Williams et al19 demonstrated that the optimal denominator of NPMA method to derive SBP-C noninvasively using radial pressure waveform was N/4. As shown in Figure 2, the low-pass filtering effect of the NPMA increases with decreases in the denominator. The present study demonstrated that the NPMA filter mainly acts to remove the high-frequency components of the BAP waveforms resulting from the impact of wave reflections in the upper limbs. There has been an argument about the importance of amplification of pressure waveform in the forearm between the brachial and radial arteries.22 If the brachial-to-radial amplification is negligible, the denominator N/4 of NPMA method for the radial pressure waveforms may also work for the BAP waveforms. However, direct application of the denominator N/4 to the invasively measured BAP waveforms to derive SBP-C values produced a large systematic bias in the present study. On the contrary, in 10 subjects who had received sequential invasive measurements of BAP and radial pressure waveforms using the high-fidelity Millar catheters (online-only Data Supplement and Table S2), we found that radial SBP was significantly higher than brachial SBP by 4.4±3.8 mm Hg (P=0.005; Figure S1A). The averaged foot-to-foot interval between the BAP and radial pressure waveforms was 26.8±18.2 ms (P=0.005). Moreover, the difference between the radial and brachial SBPs was likely attributable to the higher energy content in the high-frequency harmonics of the radial pressure waveforms (Figure S1B). Thus, local wave reflections in the upper limb exert greater impact on the radial than the BAP waveforms, so the radial pressure waveform is characterized by a sharper rise during systole and a higher peak (SBP) and larger pulse wave amplitude (pulse pressure).6,22 Therefore, to derive noninvasive SBP-C values by filtering out the influences of local reflection waves, the NPMA with a lesser low-pass filtering effect should be implemented for BAP waveforms in comparison with that for radial pressure waveforms. In the first part of this study, we then determined that N/6 represents the optimal denominator for estimating SBP-C using the invasive BAP waveforms.

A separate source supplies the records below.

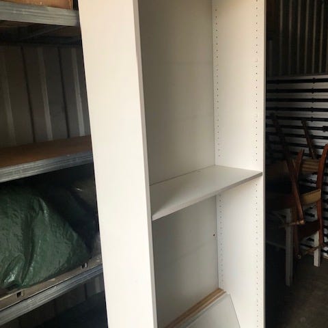 Reol med opdeling i 6 rum og 4 skuffer. Hvid glat blank overflade.,Afhentes i:,Røde Kors Ølby/Køge (259),Bemærk at mail, chat og beskeder ikke besvares, og varen skal købes på knappen "Gå til varen"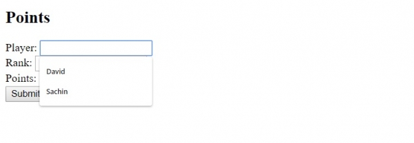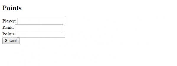 <!DOCTYPE html> <html> <body> <h2>Points</h2> <form action="" method="get" autocomplete="on"> Player: <input type="text" name="player"><br> Rank: <input type="number" name="rank"><br> Points: <input type="number" name="pts"><br> <button type="submit" value="Submit">Submit</button> </form> </body> </html>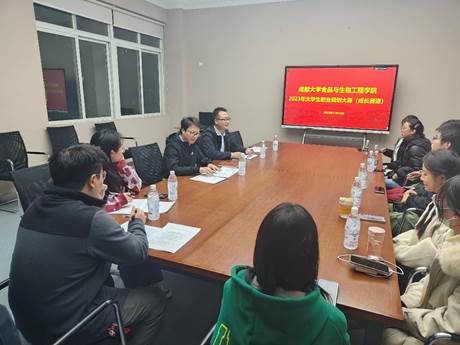 2023年大学生职业规划大赛(成长赛道)决赛。共有来自三个年级的8位同学参加到了学院决赛阶段比赛。学院党委副书记李云成老师,学工办邵洋老师,学院分团委学生前负责人何雨辰、张宝丹参加并担任比赛的评委。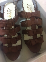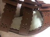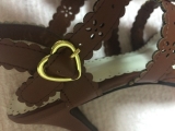 リボンがたくさんのすっごくラブリーなサンダルを送って頂きました♪ヒールが太く、安定感があるので、最近スニーカーばかりの私でも大丈夫!ストラップの留め具がハート❤︎リボン4連、フリフリ、お花型模様とかなりラブリーな要素たっぷりサンダルなのですが、カラーが濃いブラウンなので甘くなり過ぎないかなと思い… 2015/07/04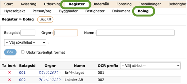 - Navigera till Register – Bolag och välj det bolag du vill ansluta till Bjorn Lunden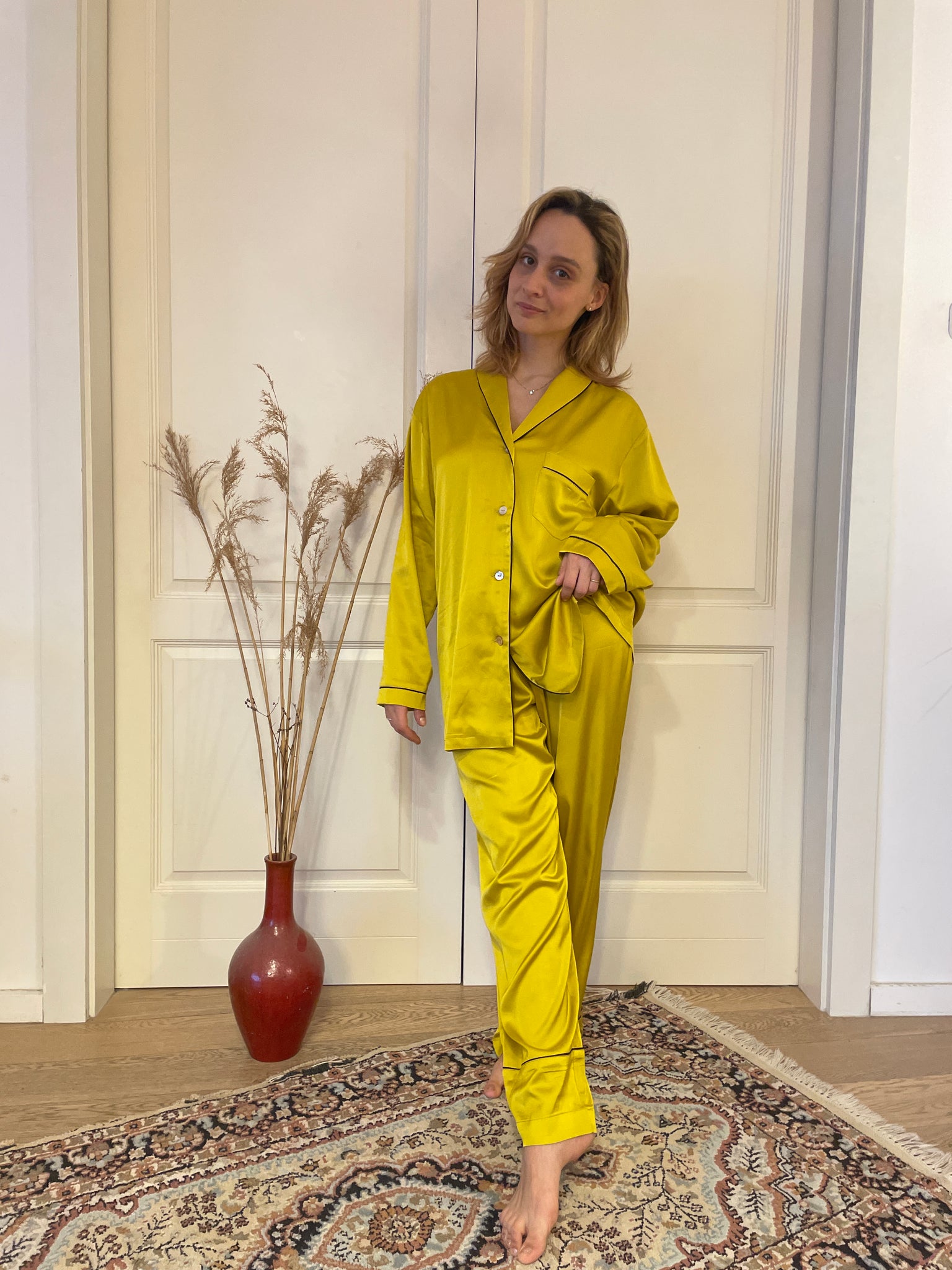The relaxed silhouette is subtly framed by fine Chocolate Brown edging, grounding the warm glow of the Olive Gold tone with depth and balance. Effortless yet elevated, these pants move seamlessly between slow mornings and intimate nights.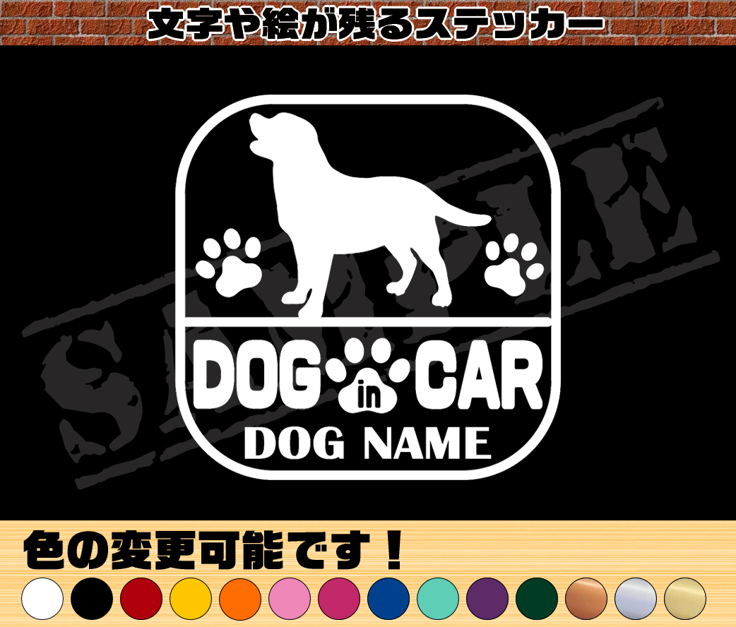 文字やイラストだけが残る ラブラドール(立ち姿①)・お名前入れ♪・DOG IN CAR・四角枠パロディステッカーです。

Subsequently, we investigated the accuracy of the application of the NPMA with this new denominator on the noninvasive BAP waveform in the independent validation group. Although the noninvasive BAP waveform is only a surrogate BAP waveform, its usefulness has been confirmed in numerous studies.16–18,23 Currently, all international standards, including European Society of Hypertension International Protocol,24 Association for the Advancement of Medical Instrumentation,25 and British Hypertension Society,26 require that the measurement error (mean differences against standards) of tested automatic BP monitors should surpass the minimal requirement of <5±8 mm Hg in validation studies for all BP parameters. The former number refers to systematic bias, which is the group average result for the validity evaluation, and the latter refers to random error, which suggests the scatter of the error. With the random error <8 mm Hg, the BP monitors could be regarded as a reliable tool for BP assessment. Exemplified by the standards of automatic BP monitors, we demonstrated (Table and Figure 5) that the NPMA method could derive noninvasive SBP-C values within the required standards using the BAP waveforms (mean difference, −0.6±7.6 mm Hg).

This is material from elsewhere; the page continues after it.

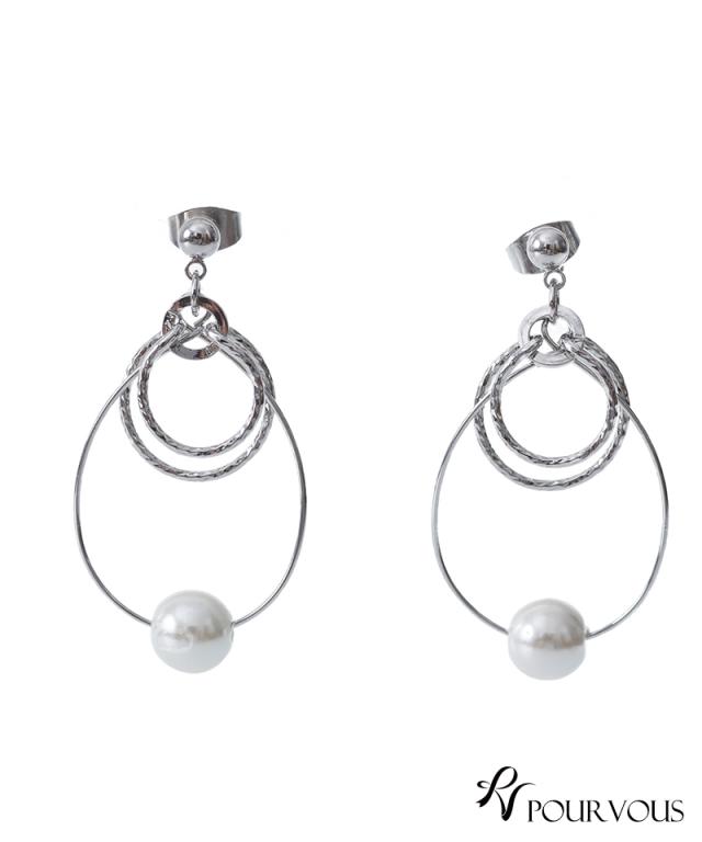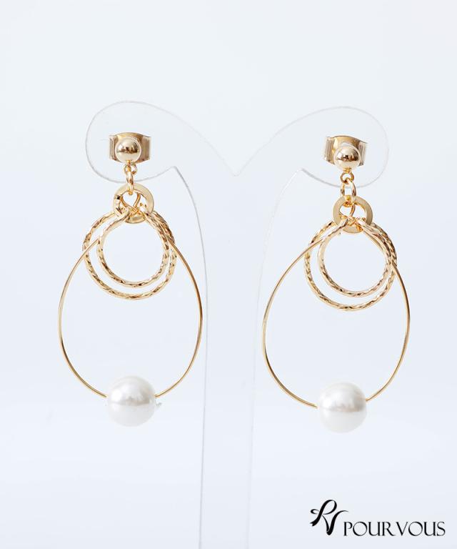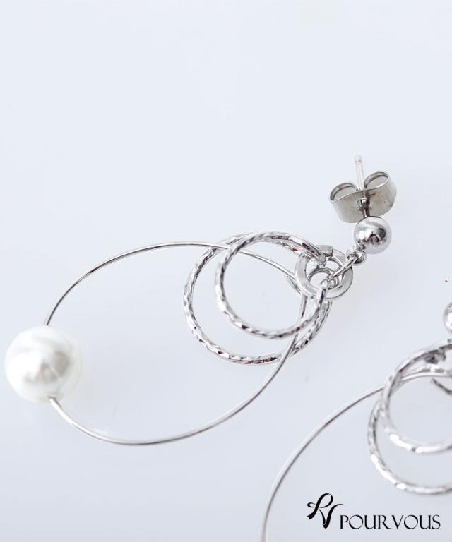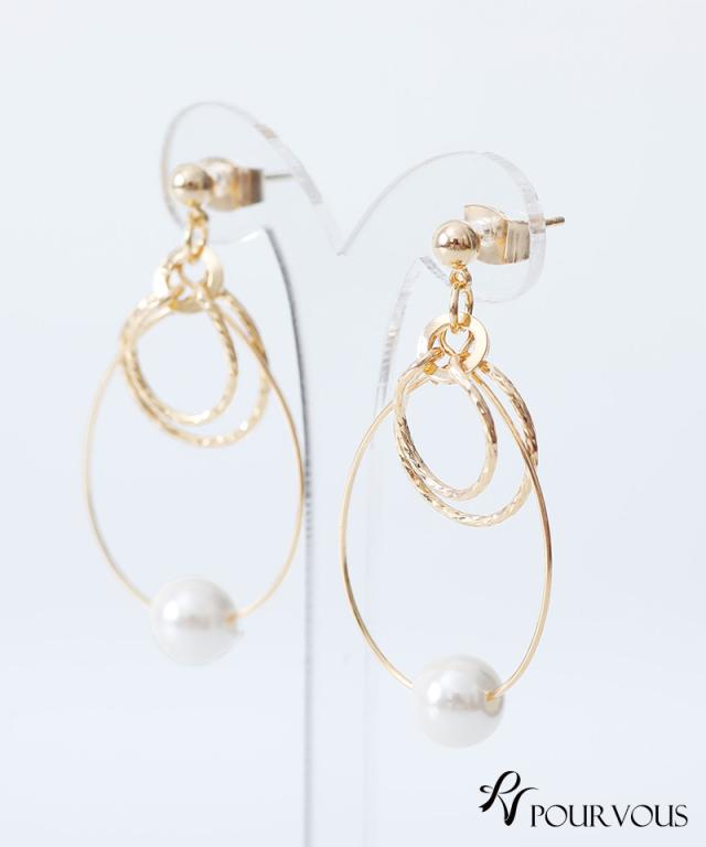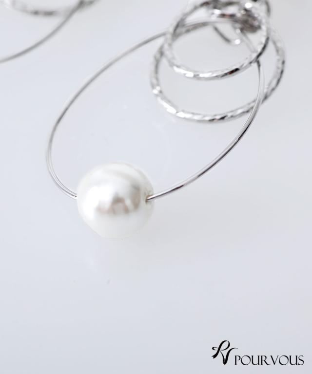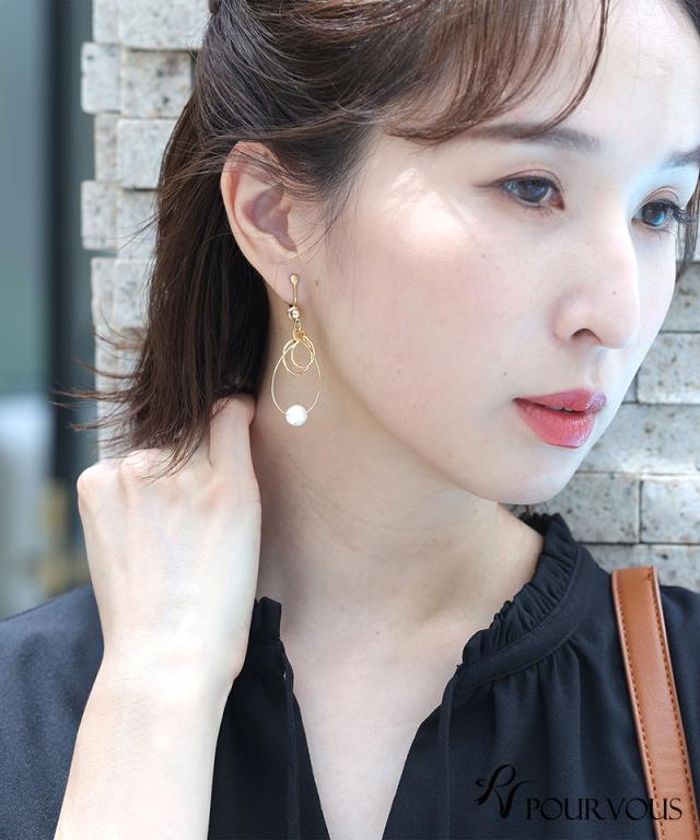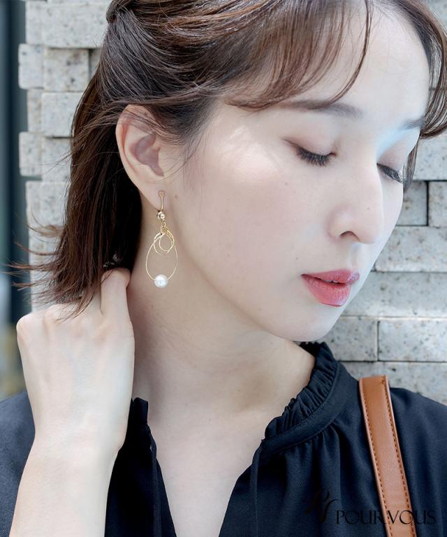 ■上品に揺れるパールが可愛い♪重なり合ったフープとパールが動くたびに上品に揺れます。

The clinical usefulness of the noninvasive SBP-C in individual cases could be appreciated by the analysis of absolute band errors with reference to the invasive SBP-C (Table S3). The NPMA N/6–derived noninvasive SBP-C surpassed the cuff SBP with higher percentages of absolute error within the criteria of ≤5, 10, and 15 mm Hg. The filter of NPMA N/6 was also better than the NPMA N/4 filter because the latter yielded lower percentages of absolute error within the criteria of ≤10 and ≤15 mm Hg (Table S3).
In the validation group, the random error (SD of the differences) of the NPMA method–derived SBP-C increased from 3.5 (in the derivation group) to 7.6 mm Hg. Similar to other noninvasive methods, the major source of errors arises from the decreased accuracy of sphygmomanometer-measured brachial BP.27 The improvement in the measurement accuracy of brachial BP by automatic BP monitors would be beneficial for risk assessment not only in current management of hypertension, but also in the clinical application of central BP concepts in the near future.

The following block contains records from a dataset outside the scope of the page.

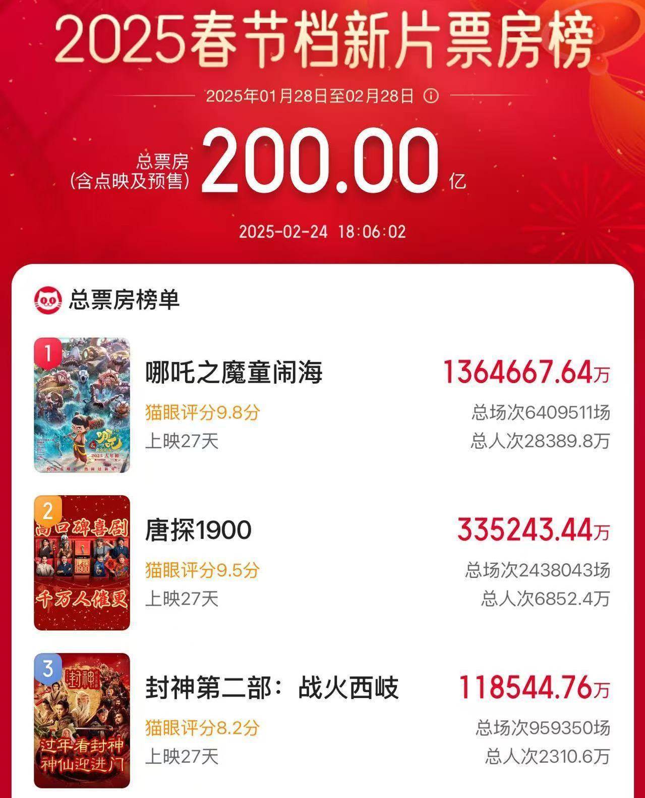 2025春節(jié)檔上映新片總票房(含預售)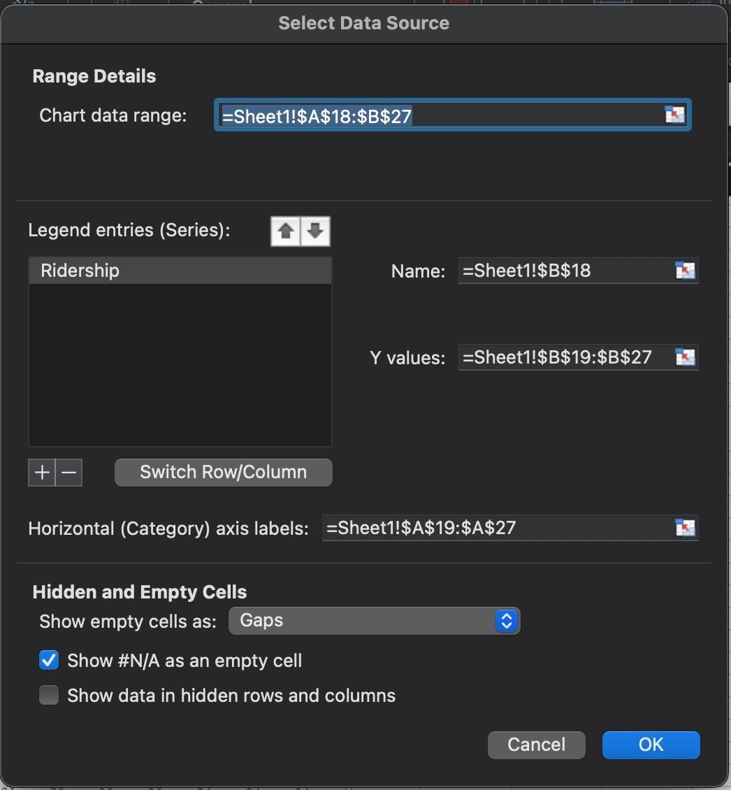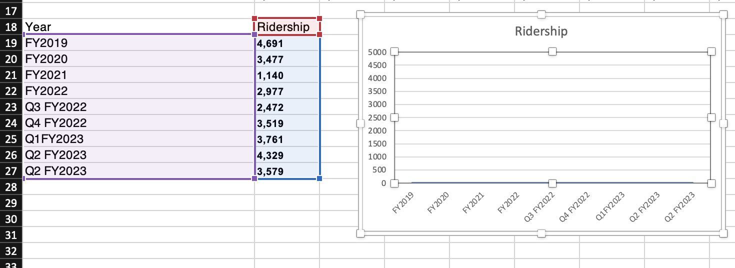 - JBravo1217Copper ContributorHello thank for your response. I tried that and changed the Ridership column to Number. I also removed the commas but still no line graph is showing up.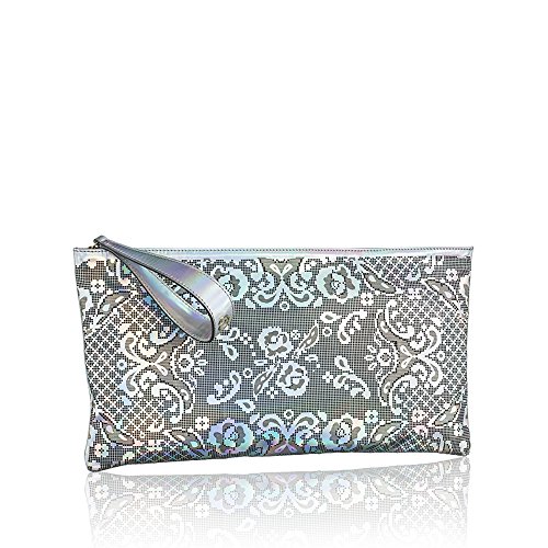-. Title : NADA SAWAYA Women's GIGI Large Rectangular Laser-cut Wristlet Clutch

In a previous study that tested the validity of 2 noninvasive SBP-C measurement devices,28 large systematic bias and random error proportional to the magnitudes of measured SBP-C values were noted with the NPMA method (mean difference, 0.9±13 mm Hg), which was not evident in our study (Figure 5). The major source of error of such disappointing results may primarily arise from inaccurate cuff BP values used for calibration, as discussed in our previous study.27 Further studies should be performed to investigate and quantify the effects of calibration errors on different methods for estimating SBP-C and central aortic pulse pressure.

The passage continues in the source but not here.